[Extracted data entries]

+-------+

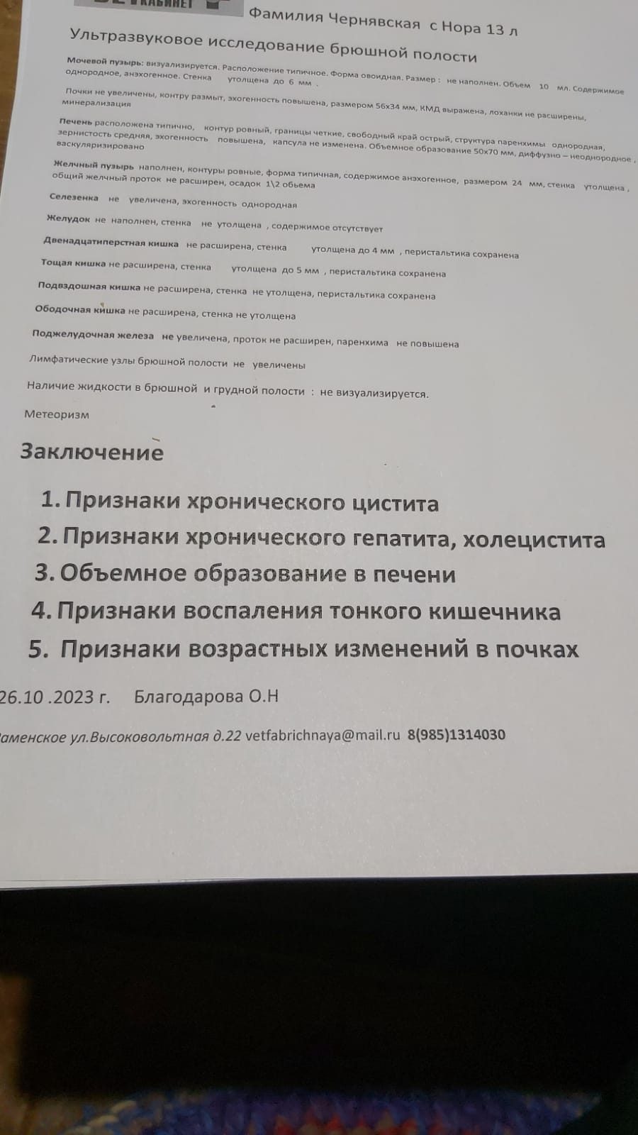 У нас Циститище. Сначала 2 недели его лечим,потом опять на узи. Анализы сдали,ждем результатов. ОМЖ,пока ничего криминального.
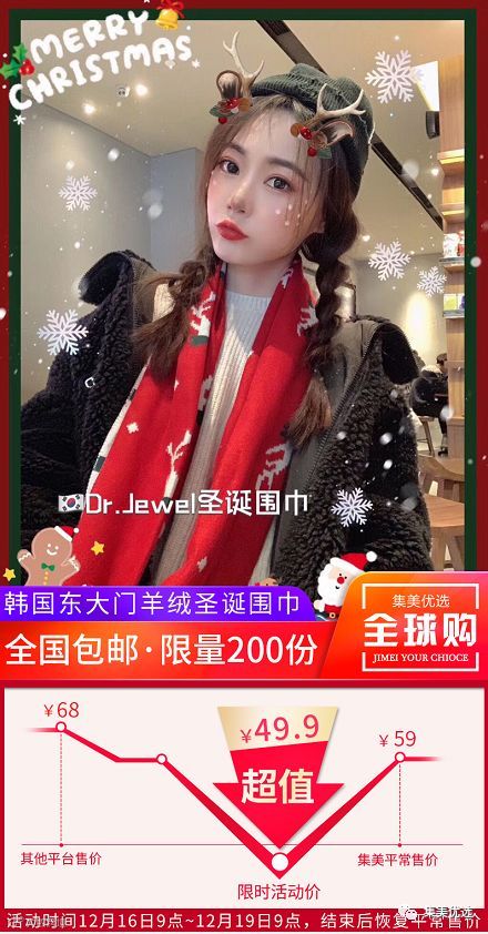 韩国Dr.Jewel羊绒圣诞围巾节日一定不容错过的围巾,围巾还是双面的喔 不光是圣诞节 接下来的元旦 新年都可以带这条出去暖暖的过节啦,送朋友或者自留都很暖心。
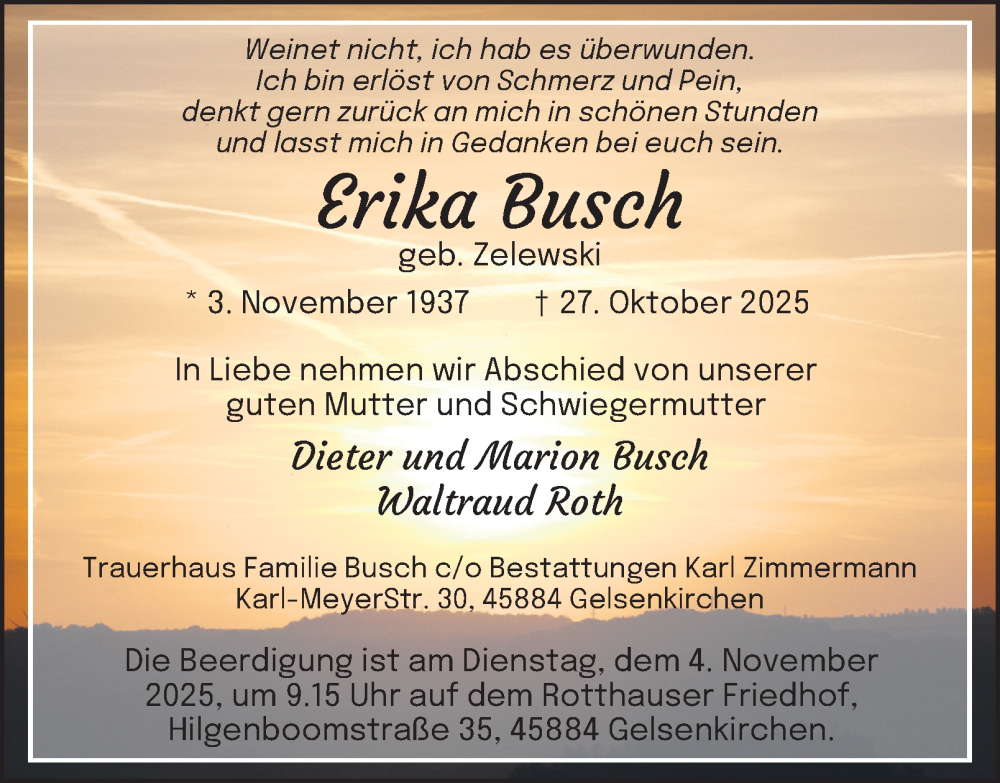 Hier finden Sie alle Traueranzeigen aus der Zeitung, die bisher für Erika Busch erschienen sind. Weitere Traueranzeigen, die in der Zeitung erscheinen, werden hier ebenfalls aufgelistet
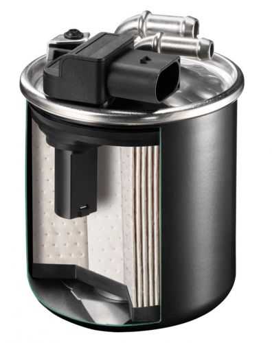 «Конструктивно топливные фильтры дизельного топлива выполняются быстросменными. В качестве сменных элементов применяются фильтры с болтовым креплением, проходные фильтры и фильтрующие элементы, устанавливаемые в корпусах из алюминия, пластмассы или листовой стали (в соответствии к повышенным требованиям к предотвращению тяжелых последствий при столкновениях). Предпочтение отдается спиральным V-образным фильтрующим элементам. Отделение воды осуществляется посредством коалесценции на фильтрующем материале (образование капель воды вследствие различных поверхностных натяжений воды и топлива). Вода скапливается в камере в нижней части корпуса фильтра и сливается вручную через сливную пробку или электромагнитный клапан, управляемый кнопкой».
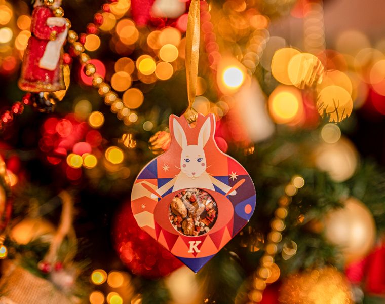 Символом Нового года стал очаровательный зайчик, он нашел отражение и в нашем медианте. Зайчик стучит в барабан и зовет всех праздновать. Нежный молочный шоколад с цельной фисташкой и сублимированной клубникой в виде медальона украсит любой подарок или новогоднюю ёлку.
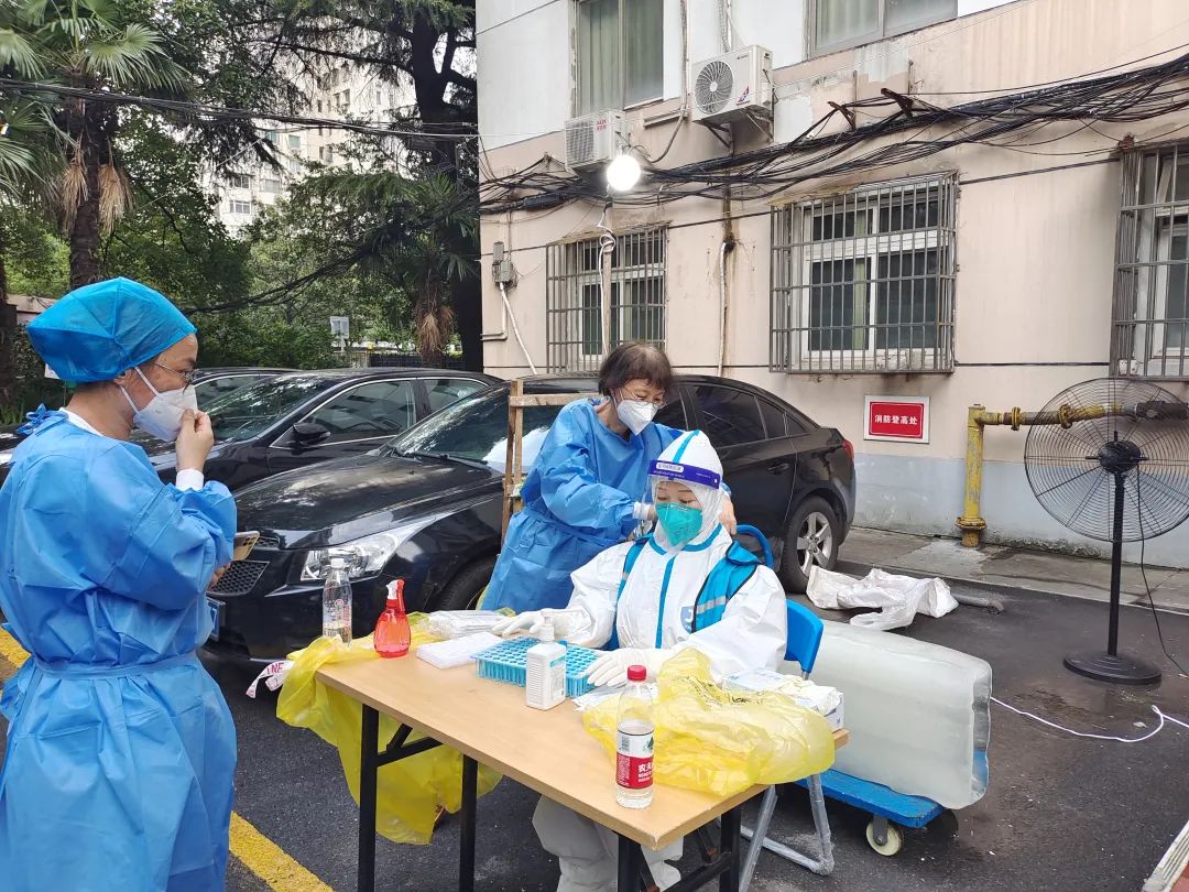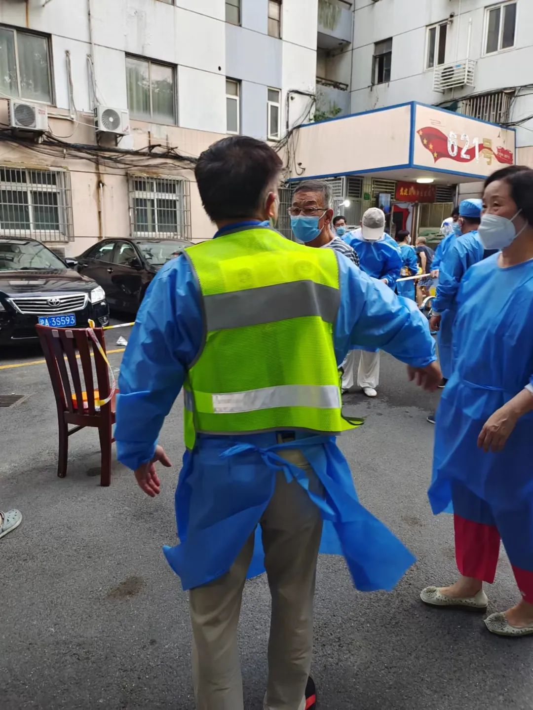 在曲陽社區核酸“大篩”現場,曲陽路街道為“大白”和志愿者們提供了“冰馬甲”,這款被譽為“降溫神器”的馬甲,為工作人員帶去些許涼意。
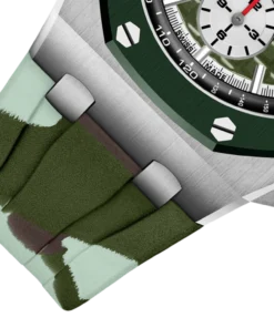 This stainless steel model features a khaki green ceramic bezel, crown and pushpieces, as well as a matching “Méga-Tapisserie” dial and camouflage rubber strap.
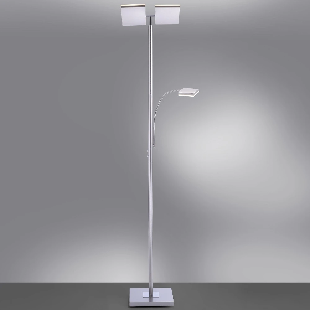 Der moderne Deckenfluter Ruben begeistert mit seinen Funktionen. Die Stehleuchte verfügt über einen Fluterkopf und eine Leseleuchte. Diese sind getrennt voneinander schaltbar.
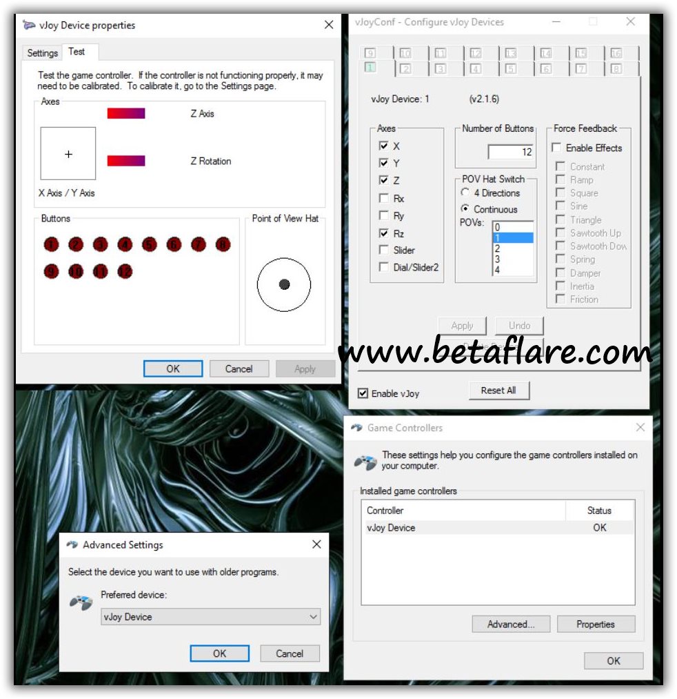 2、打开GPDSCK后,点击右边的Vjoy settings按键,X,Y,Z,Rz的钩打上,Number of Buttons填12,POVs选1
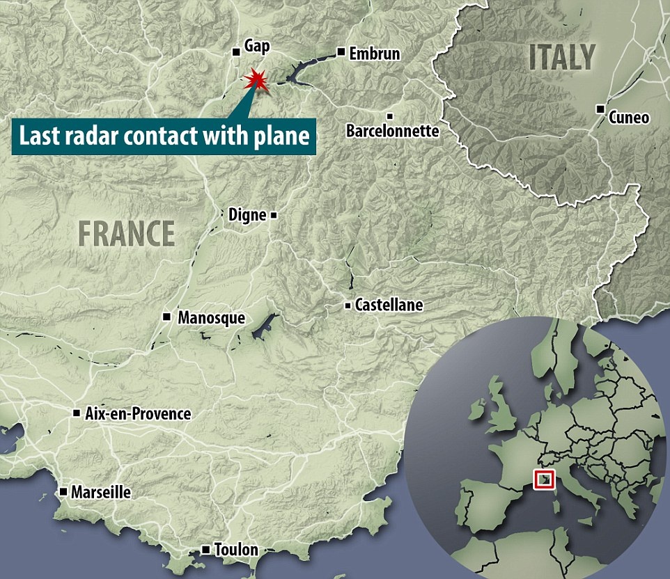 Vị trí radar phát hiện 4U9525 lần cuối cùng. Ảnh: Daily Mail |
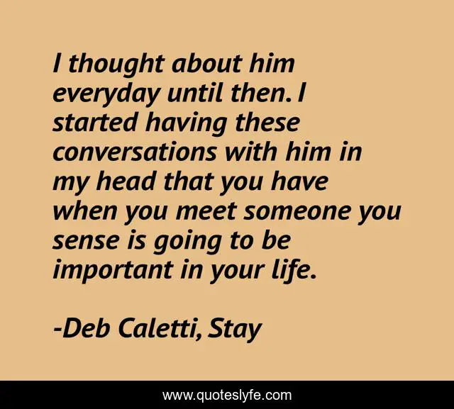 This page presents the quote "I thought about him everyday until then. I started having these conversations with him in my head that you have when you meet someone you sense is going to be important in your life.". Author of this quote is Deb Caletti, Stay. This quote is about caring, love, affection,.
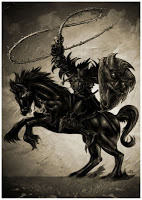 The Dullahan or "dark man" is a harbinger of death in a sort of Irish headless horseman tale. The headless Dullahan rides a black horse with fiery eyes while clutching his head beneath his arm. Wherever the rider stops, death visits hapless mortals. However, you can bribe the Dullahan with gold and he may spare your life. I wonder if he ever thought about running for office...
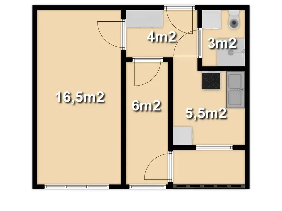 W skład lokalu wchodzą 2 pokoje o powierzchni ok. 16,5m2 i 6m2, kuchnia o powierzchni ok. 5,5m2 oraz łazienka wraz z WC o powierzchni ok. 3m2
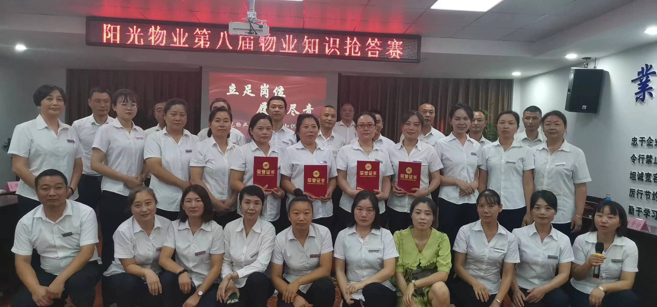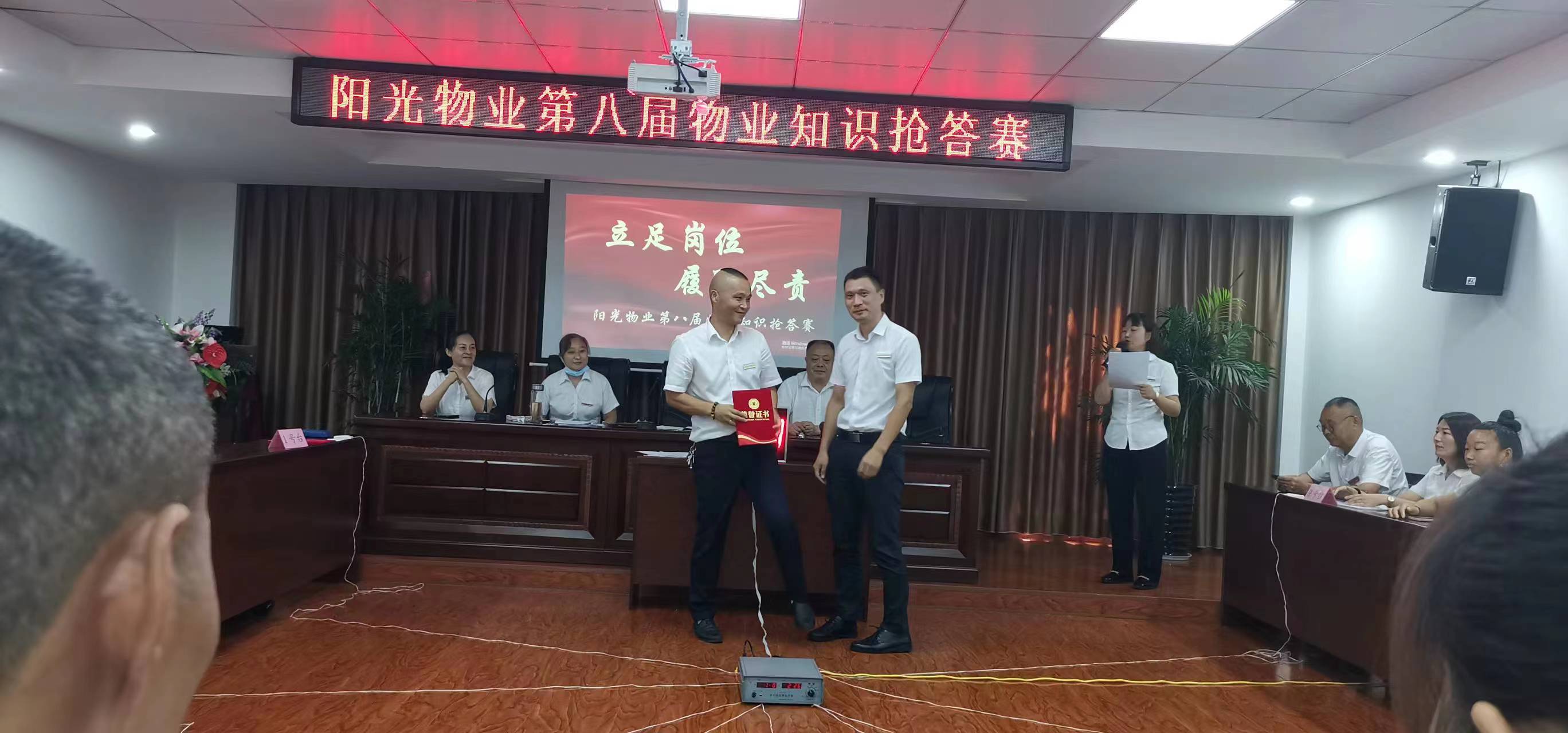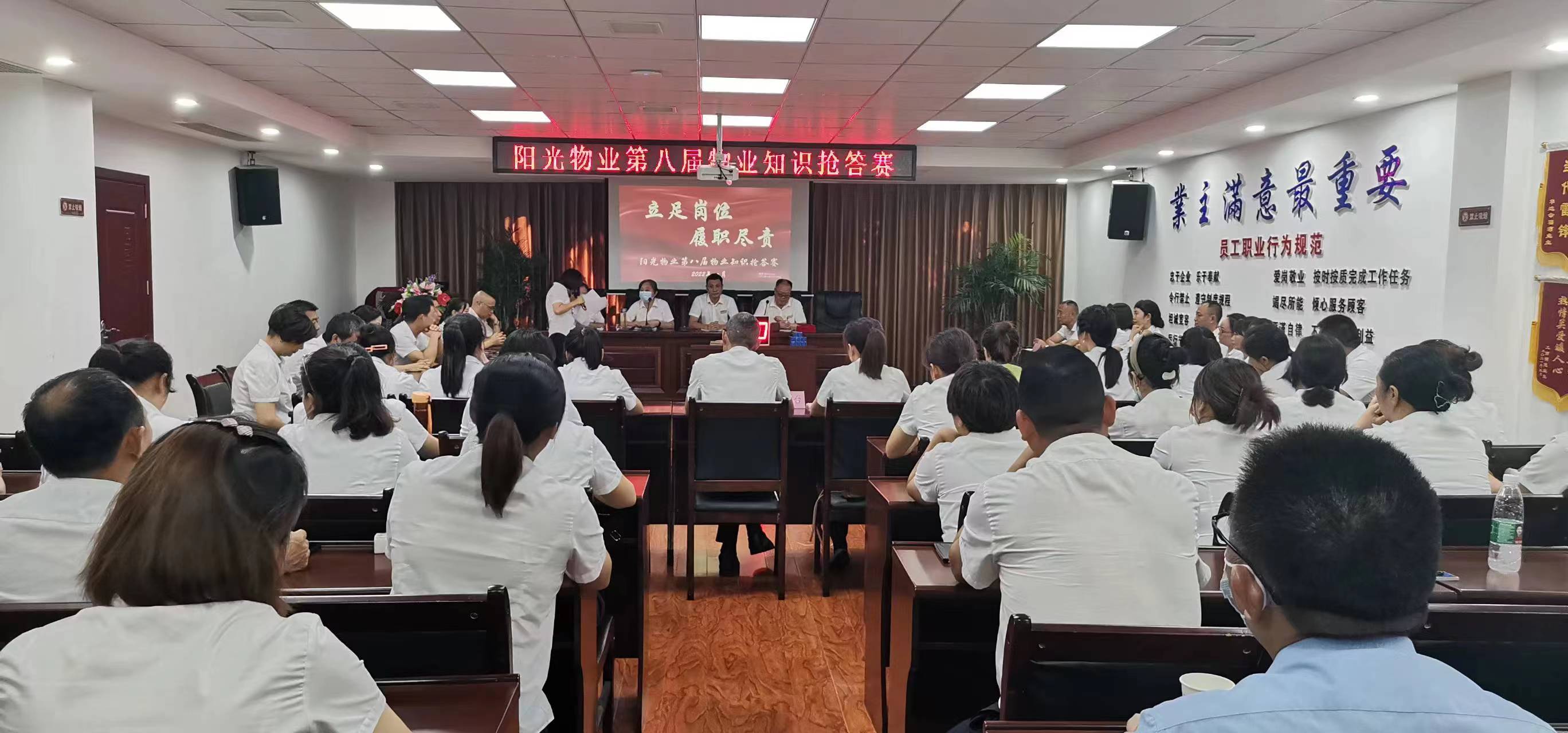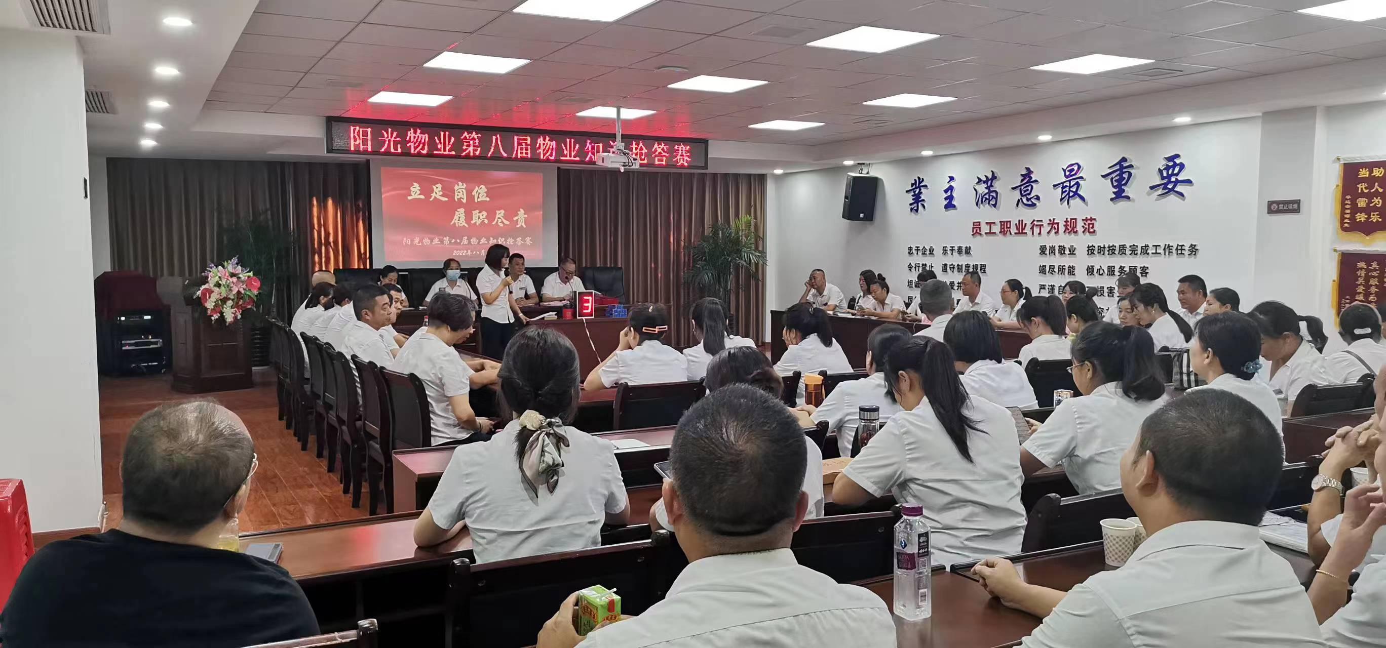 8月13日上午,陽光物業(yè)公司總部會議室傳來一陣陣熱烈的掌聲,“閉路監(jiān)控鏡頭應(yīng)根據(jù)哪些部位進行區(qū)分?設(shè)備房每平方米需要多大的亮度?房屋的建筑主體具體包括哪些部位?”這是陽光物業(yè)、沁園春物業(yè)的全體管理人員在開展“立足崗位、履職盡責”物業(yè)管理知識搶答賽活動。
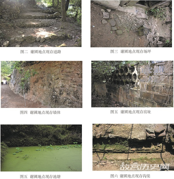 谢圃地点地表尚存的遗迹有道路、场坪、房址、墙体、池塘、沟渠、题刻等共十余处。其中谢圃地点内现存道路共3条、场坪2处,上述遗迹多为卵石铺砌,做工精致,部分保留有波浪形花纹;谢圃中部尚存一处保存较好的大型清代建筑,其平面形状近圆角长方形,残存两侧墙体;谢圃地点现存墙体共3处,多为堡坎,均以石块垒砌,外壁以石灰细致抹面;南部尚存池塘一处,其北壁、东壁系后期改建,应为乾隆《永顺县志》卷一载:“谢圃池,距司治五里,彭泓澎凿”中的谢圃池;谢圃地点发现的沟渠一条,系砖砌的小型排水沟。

+-------+

Work task
Take the line containing "Der moderne Deckenfluter" and every line after it up to the end of the data, and write them out exactly, without the pictures.

The completed task
 Der moderne Deckenfluter Ruben begeistert mit seinen Funktionen. Die Stehleuchte verfügt über einen Fluterkopf und eine Leseleuchte. Diese sind getrennt voneinander schaltbar.
 2、打开GPDSCK后,点击右边的Vjoy settings按键,X,Y,Z,Rz的钩打上,Number of Buttons填12,POVs选1
 Vị trí radar phát hiện 4U9525 lần cuối cùng. Ảnh: Daily Mail |
 This page presents the quote "I thought about him everyday until then. I started having these conversations with him in my head that you have when you meet someone you sense is going to be important in your life.". Author of this quote is Deb Caletti, Stay. This quote is about caring, love, affection,.
 The Dullahan or "dark man" is a harbinger of death in a sort of Irish headless horseman tale. The headless Dullahan rides a black horse with fiery eyes while clutching his head beneath his arm. Wherever the rider stops, death visits hapless mortals. However, you can bribe the Dullahan with gold and he may spare your life. I wonder if he ever thought about running for office...
 W skład lokalu wchodzą 2 pokoje o powierzchni ok. 16,5m2 i 6m2, kuchnia o powierzchni ok. 5,5m2 oraz łazienka wraz z WC o powierzchni ok. 3m2
 8月13日上午,陽光物業(yè)公司總部會議室傳來一陣陣熱烈的掌聲,“閉路監(jiān)控鏡頭應(yīng)根據(jù)哪些部位進行區(qū)分?設(shè)備房每平方米需要多大的亮度?房屋的建筑主體具體包括哪些部位?”這是陽光物業(yè)、沁園春物業(yè)的全體管理人員在開展“立足崗位、履職盡責”物業(yè)管理知識搶答賽活動。
 谢圃地点地表尚存的遗迹有道路、场坪、房址、墙体、池塘、沟渠、题刻等共十余处。其中谢圃地点内现存道路共3条、场坪2处,上述遗迹多为卵石铺砌,做工精致,部分保留有波浪形花纹;谢圃中部尚存一处保存较好的大型清代建筑,其平面形状近圆角长方形,残存两侧墙体;谢圃地点现存墙体共3处,多为堡坎,均以石块垒砌,外壁以石灰细致抹面;南部尚存池塘一处,其北壁、东壁系后期改建,应为乾隆《永顺县志》卷一载:“谢圃池,距司治五里,彭泓澎凿”中的谢圃池;谢圃地点发现的沟渠一条,系砖砌的小型排水沟。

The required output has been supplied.